From Farmland to High Rises A Look at Manhattan's Flatiron District

Taking its name from one of the most photographed buildings in New York City, the Flatiron district is named for the iconic Flatiron building, which sits on the wedge-shaped intersection of Fifth Avenue and Broadway. In the last two decades or so, the neighborhood has turned itself inside out. Once a renowned center of commerce and fashion, the area is thriving again—but in a new way.

The Flatiron district’s nebulous boundaries include the historical landmark districts of Madison Square Park and Ladies’ Mile, roughly between 7th Avenue and Park Avenue from 14th to 30th Streets.

Flatiron History

In the early 19th century, what is now known as the Flatiron district was mostly open farmland, owned by farmers Isaac Varian, Casper Samler, and John Horn. Nearby, the Madison Cottage—a popular tavern and roadhouse at the time, earned the New York Herald’s description as “One of the most agreeable spots for an afternoon lounge in the suburbs of the city.”

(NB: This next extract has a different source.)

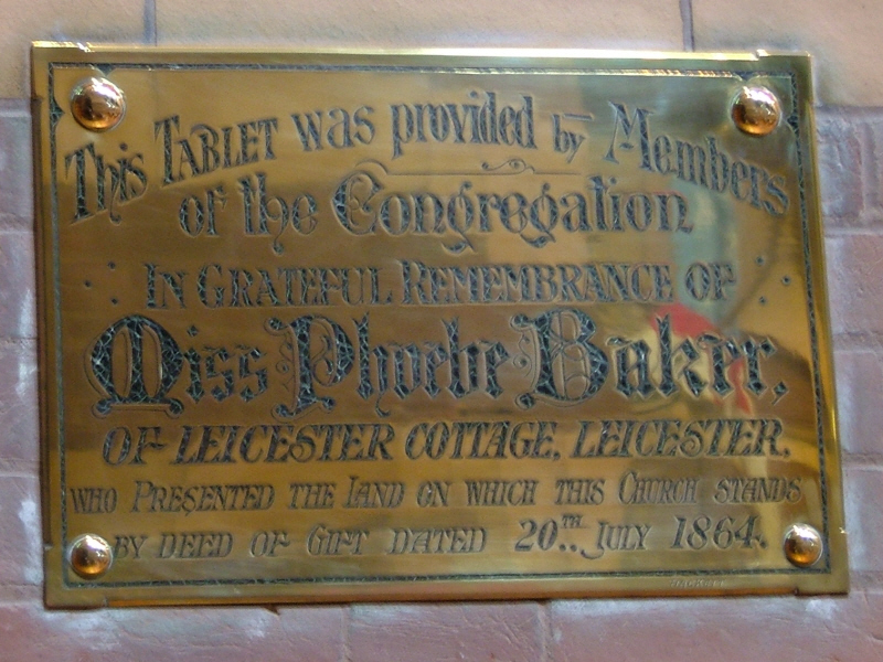 The present church was not the first church to be built on the site. Because St Peter's Church in Highfields was regularly full and overflowing, it was decided to build another church within the parish of St Peters. The land given by Phoebe Baker in 1864 proved ideal for the purpose and so a temporary church was erected in 1880 and services began in 1881.

The area might have stayed pasture and field for a few more years, had it not been for the Commissioner’s Plan of 1811, which divided the city into its now famous rectangular grid of streets from 14th Street on up.

The plan included Broadway, which ran in a conspicuous diagonal across the grid, causing odd triangular lots where the thoroughfare cut across the street grid. These irregular bits were made into parks, and have come to be known as Times Square, Herald Square, Union Square and Madison Square. The famous Flatiron building itself sits on a projection of land between Broadway and Fifth Avenue, and looks out over Madison Square Park. Originally set aside as the ‘Grand Parade,” which was to be used for markets and parks, the area at Fifth and Broadway was reduced in size over time, and named for the then President of the United States, James Madison.